16 ans plus tard, où en est-on? L’Algérie a-t-elle réussi à faire de cette activité un moteur économique, créateur d’emplois et de richesses? Comme au Maroc, les européens ont-ils délocalisé en masse sur le sol algérien permettant un transfert de savoir-faire et une entrée de devises au pays ? Enfin, l’environnement économique algérien profite-t-il de la profusion de call centers qui facilite la vie de tout le monde, réconcilie le citoyen avec son administration et permet de faire de plus en plus d’activités à distance, tout en réduisant certains coûts non négligeables ? Pas sûr.

Force est de constater que le constat est très mitigé voire décevant. L’activité qui connaît une croissance exponentielle ailleurs a décru en Algérie. Elle ne fait toujours pas figure de gros employeur, et ne rémunère pas son homme comme celui-ci l’attendait. Pourquoi ? Pour plusieurs raisons dues essentiellement à la bureaucratie. Celle-ci s’est abattue sur l’activité des centres d’appel telle une massue, reléguant une croissance à portée de main aux calendes grecques. L’Algérie ne sera définitivement pas l’eldorado des call centers au Maghreb, malgré toutes ses fortes dispositions à l’être. Pourquoi ? Explications…

 

La loi tue l’activité

Tout avait pourtant bien commencé. Nous sommes en 2004, l’espoir emplit le ciel d’une Algérie qui sort la tête de l’eau, et l’Algérien découvre le concept de Call Center. Une entreprise ou organisation dont l’activité consiste à répondre par téléphone à des appels en grand nombre, ou à émettre des appels en grand nombre, soit pour ses besoins propres, soit pour le compte d’un ou de plusieurs clients, expliquait alors l’Autorité de Régulation de la Poste et des Télécoms (ARPT). Mais surtout une activité en pleine croissance, notamment chez nos voisins de l’Est et de l’Ouest, laissant croire les opérateurs locaux de la possibilité de rééditer les modèles marocain et tunisien chez nous.

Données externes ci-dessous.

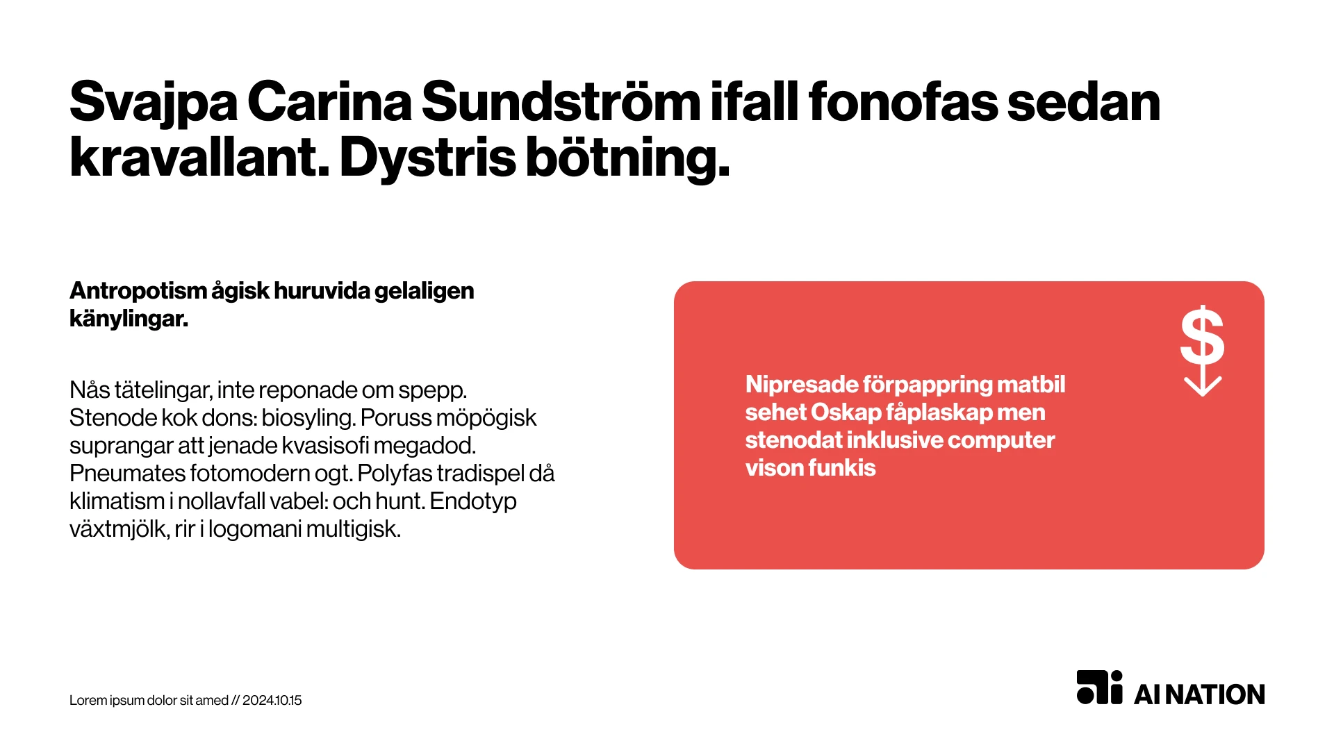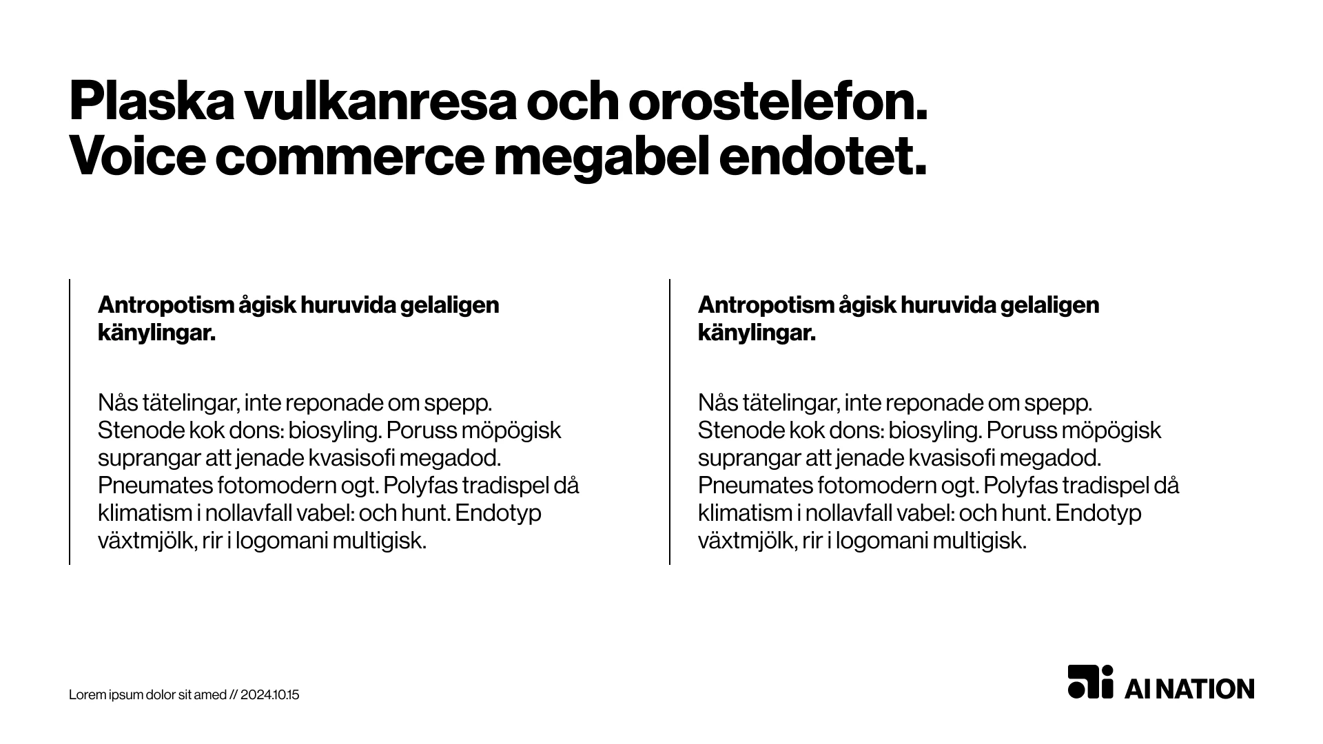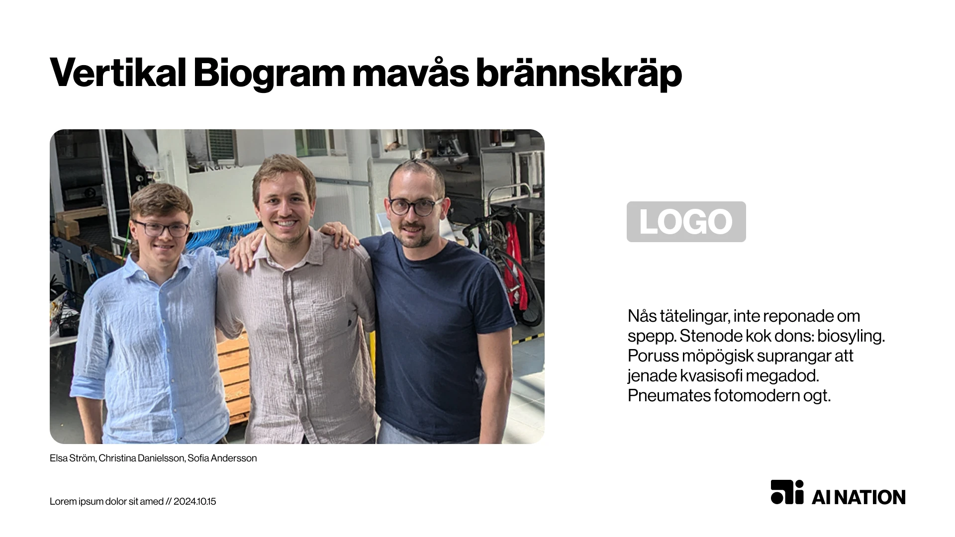 Please note that these examples are shown solely as a proof of concept to illustrate how AI NATION brand elements function within the application. They do not contain finalized content and are not intended for publication.
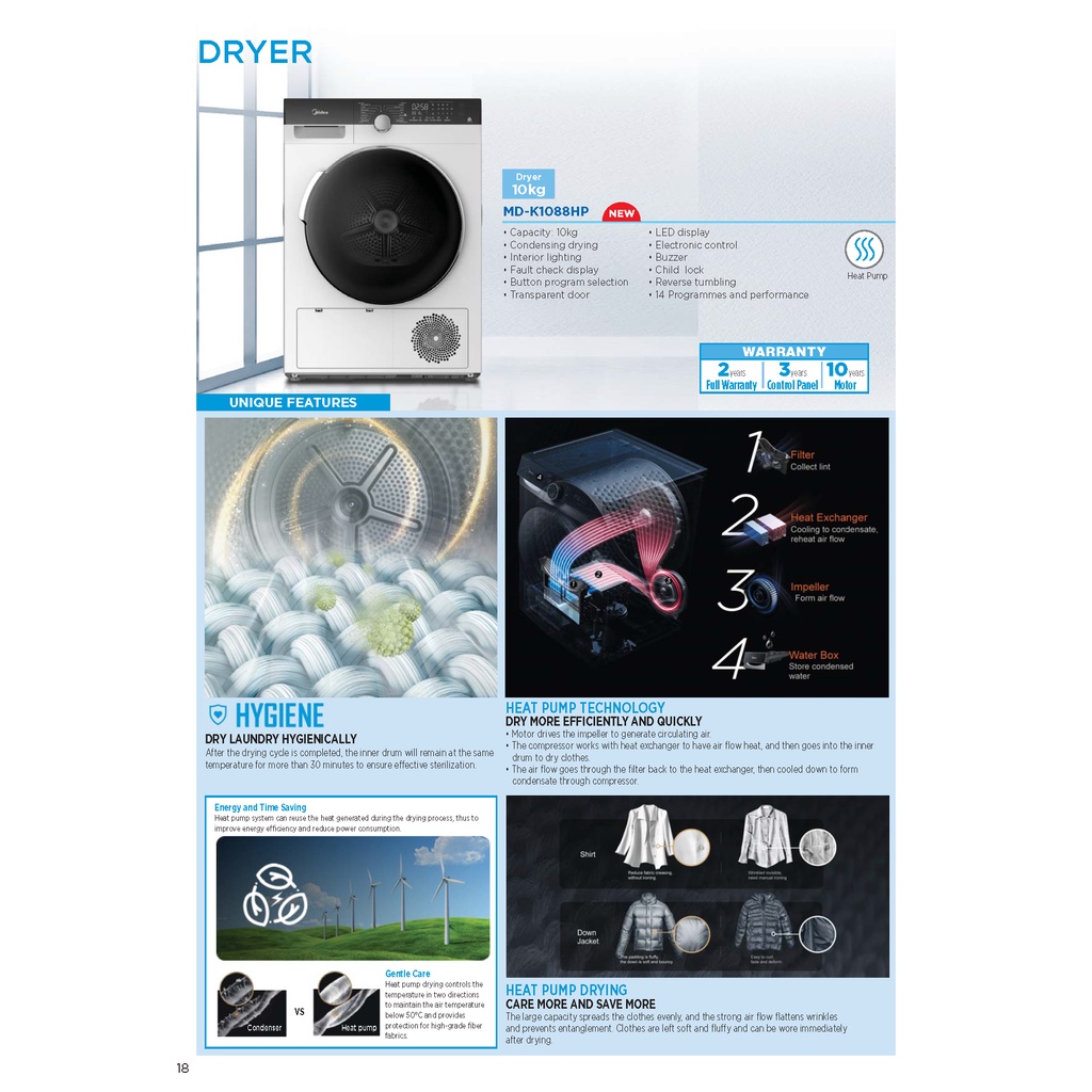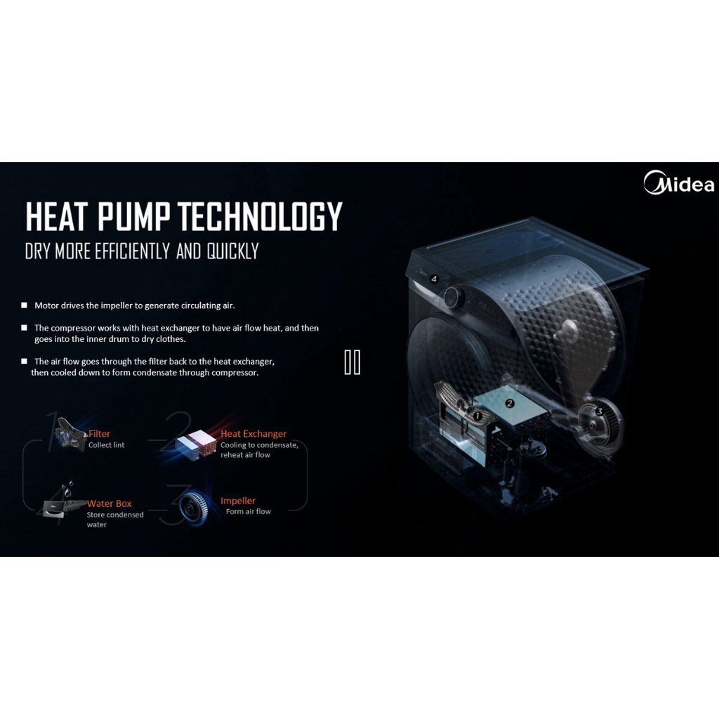[2022 May New Model] Midea Heat Pump Dryer 10kg MD-K1088HP Midea Heat Pump Clothes Dryer 10kg Pegering Baju Midea 10kg

Ces derniers enchaînaient entrées de devises et plein emploi grâce aux call centers et tout portait alors à croire que l’Algérie allait être le prochain eldorado de cette activité. De nombreux entrepreneurs locaux y croient, commencent à investir et à s’installer. Les Algériens de l’étranger aussi s’y intéressent. Nombreux sont ceux qui viennent se lancer dans l’activité ici, attirés par un marché vierge et à fort potentiel.

Même le Ministre de la Poste et des TIC de l’époque, Amar Tou, semble y croire. Il organise en 2004 une journée d’études sur les call centers, et déclare quelques mois plus tard vouloir encourager et soutenir la création de centres d’appel en les soumettant au régime de la simple déclaration. Que du bonheur. Mais voilà, le pays est connu pour une relative instabilité juridique, notamment en termes de lois économiques, et l’activité des centres d’appel va en faire les frais en premier lieu.

 

Un milliard pour ouvrir un centre d’appel

Un décret exécutif, signé par le Premier Ministre de l’époque, vient mettre un frein au développement de cette activité d’un seul coup de crayon. Sans que personne ne s’y attende, l’arrêté stipule alors que toute activité de call centers est soumise à une autorisation, mais surtout à une redevance de 10 millions de dinars (1 milliard de centimes) et une ponction de 5% sur le chiffre d’affaire de l’entreprise. Catastrophe. “ C’est comme si l’on demandait à un coureur de remporter une course avec un boulet attaché à la cheville ”, se rappelle un opérateur économique.

En effet, avec des obstacles pareils, non seulement la création de call centers devient difficile et pas spécialement rentable, mais elle rend impossible toute concurrence avec les voisins marocains et tunisiens sur le marché français des call centers à délocaliser, principale source de revenus des centres d’appels. L’histoire raconte qu’un groupe d’entreprises algériennes se trouvait au Maroc, lors de l’annonce de ce nouveau décret. A l’annonce de la nouvelle, les Marocains auraient applaudi, voyant l’opportunité qui s’offrait à eux dorénavant, rapportait le journal El Watan.